A presença (ou ausência) da escravidão na obra de Machado é discutida há décadas na crítica literária, e voltou à tona na resenha da tradução de vocês no New York Times. Lá, o resenhista comenta “his refusal to write more explicitly about slavery”. Como vocês viram isso no processo de traduzir os contos? A propósito, adotaram alguma estratégia conjunta para lidar com termos como “mucama” e “moleque”, e com a linguagem dos personagens escravizados?
Margaret: É curiosa a ausência da escravidão na obra de Machado (Pai contra mãe e O caso da vara são, talvez, exceções), mas quando se considera o público para quem escreveu – a classe média branca e rica – não surpreende tanto. É a mesma coisa na obra de Tolstói e Dostoiévski. Ainda que poucas, há referências nos contos à relação quase familiar entre donos e escravos. Em A mulher de preto, por exemplo, surge esta frase: “Morava só; tinha um escravo da mesma idade que ele, e cria da casa do pai – mais irmão do que escravo, na dedicação e no afeto”. Ou, como no conto Um homem célebre, existe uma relação que oscila entre o íntimo e o distante entre dono e escravo.

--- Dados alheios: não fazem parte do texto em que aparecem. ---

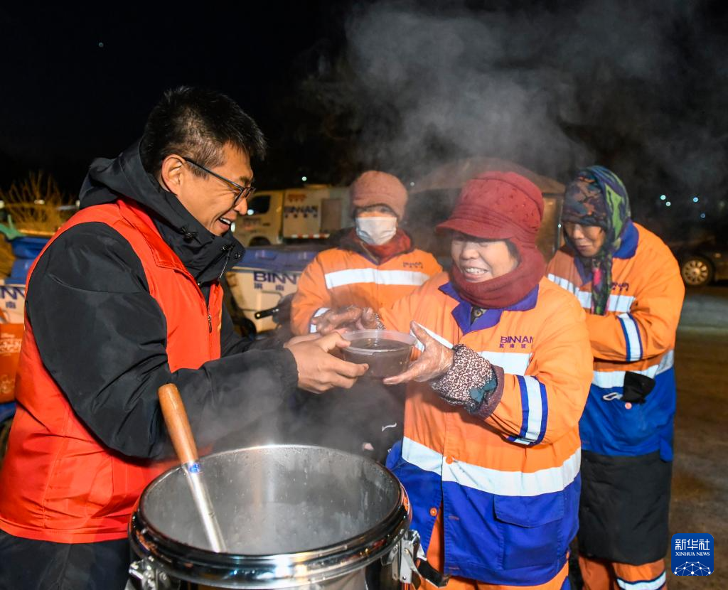 1月18日,在山东省临沂市平邑县地方镇街头,志愿者为环卫工人盛腊八粥。
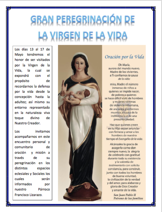 Peregrinación Virgen de la Vida – Parroquia de la Epifanía Mayo 13 al 17 de 2015
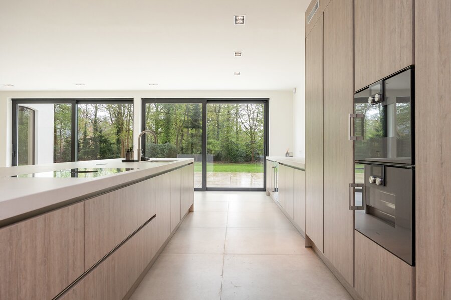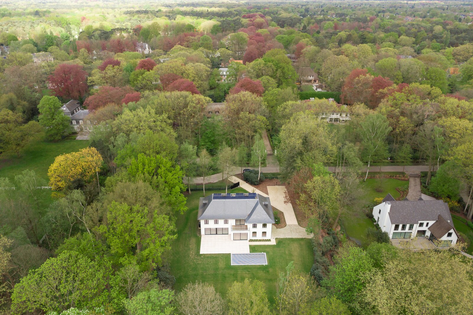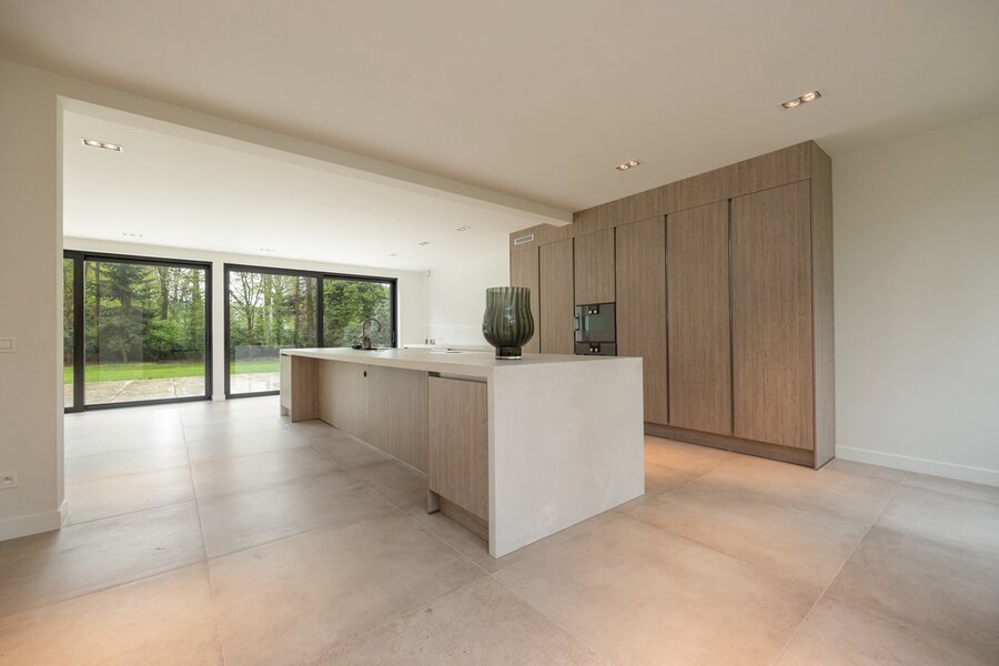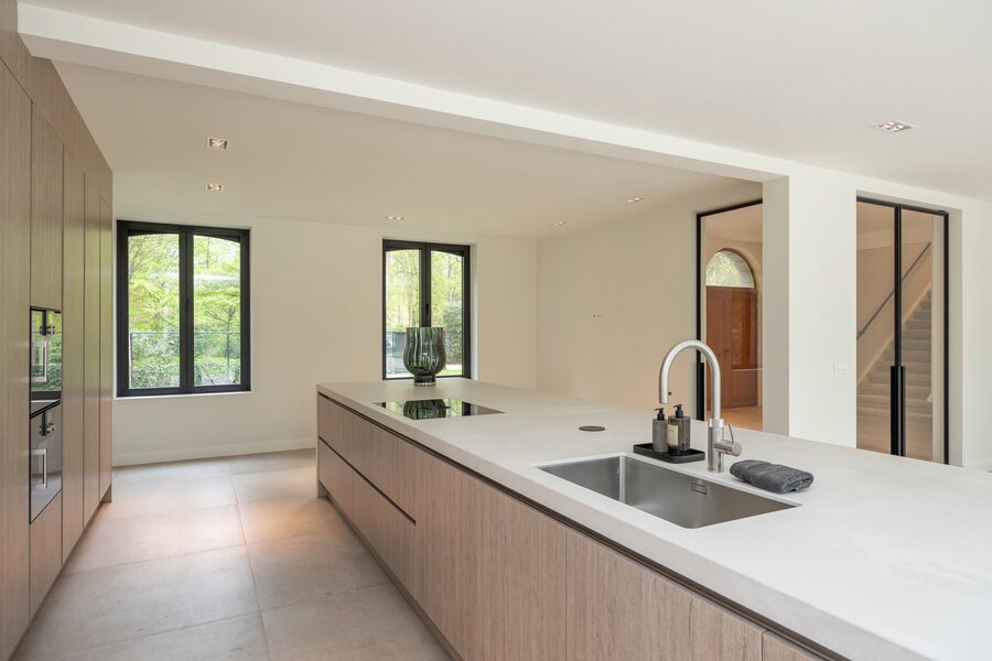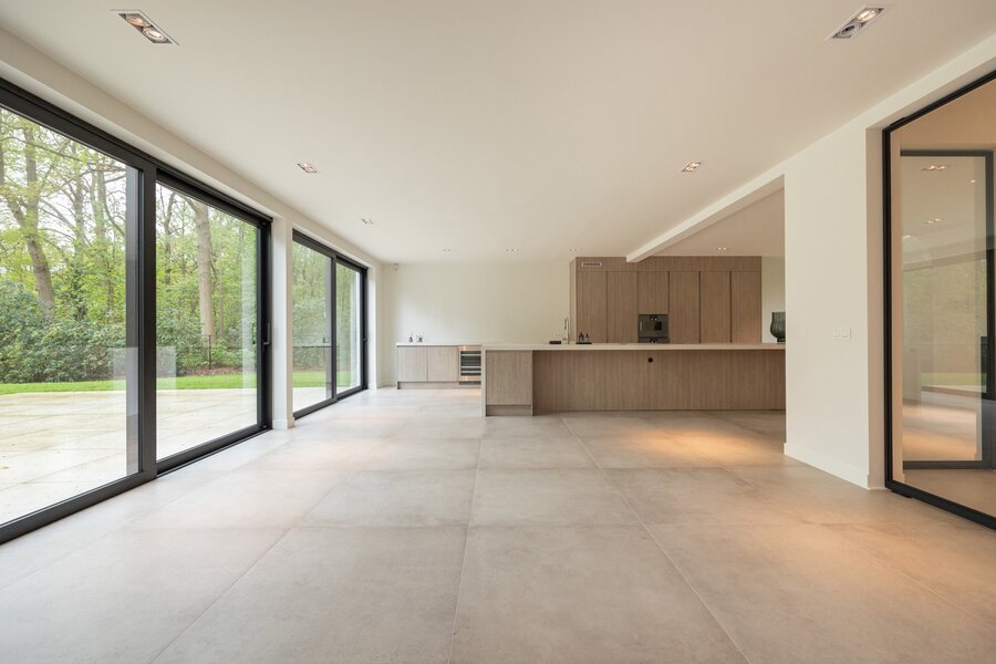 De woonkamer, uitkijkend op de tuin, heeft een parketvloer en een gezellige open haard. Aangrenzend bevindt zich de riante leefkeuken met bijzonder veel lichtinval, een grote eetgelegenheid en directe toegang tot de terrassen. De keuken is voorzien van hoogwaardige inbouwapparatuur, van Miele en Gaggenau, een Quooker-kraan en een Gaggenau wijnkoelkast. Zachte natuurlijke tinten van materialen harmonieus gecombineerd.

Robin: Não acho que adotamos uma só “estratégia” em relação a “mucama” e a “moleque” (já que sempre existirão outros fatores, como o contexto específico de uma palavra ou mesmo a estrutura da frase onde ela aparece), mas tivemos cuidado com termos relativamente neutros, porém explícitos, como “slave-woman” ou “houseboy”. O uso de expressões mais coloquiais em inglês tende a ser associado com regiões particulares e épocas (por exemplo “the antebellum American South” [nota 1]), que seria problemático de traduzir. O mesmo ocorre com o diálogo dos escravos nos contos. Usamos uma gramática não padronizada que Machado também usou, mas, ainda assim, tentando resistir a um padrão geográfico de discurso.
A tradução de vocês está sendo bastante comemorada no Brasil como uma redescoberta de Machado no exterior. A trajetória da obra dele em tradução para o inglês, no entanto, parece ser de pequenos booms de interesse (nos anos 1950, 1970, e no final dos anos 1990, por exemplo), que depois arrefecem. No Wall Street Journal, Sam Sacks diz que Machado ocupa um ponto cego na consciência do mundo de língua inglesa. Como vocês encaram isso?
Margaret: Como já disse, o mundo anglófono tem certa resistência aos escritores estrangeiros, sobretudo aos escritores de outros séculos, mas esperamos que esta nova tradução dos contos possa servir como uma introdução para os novos leitores às maravilhas de Machado. Esperamos também fazer novas traduções dos romances, começando com Memórias póstumas de Brás Cubas. Talvez seja o momento dum novo boom machadiano.
NOTAS
[nota 1] Período histórico do Sul dos Estados Unidos, que vai do fim do século XVIII ao início da Guerra Civil, em 1861.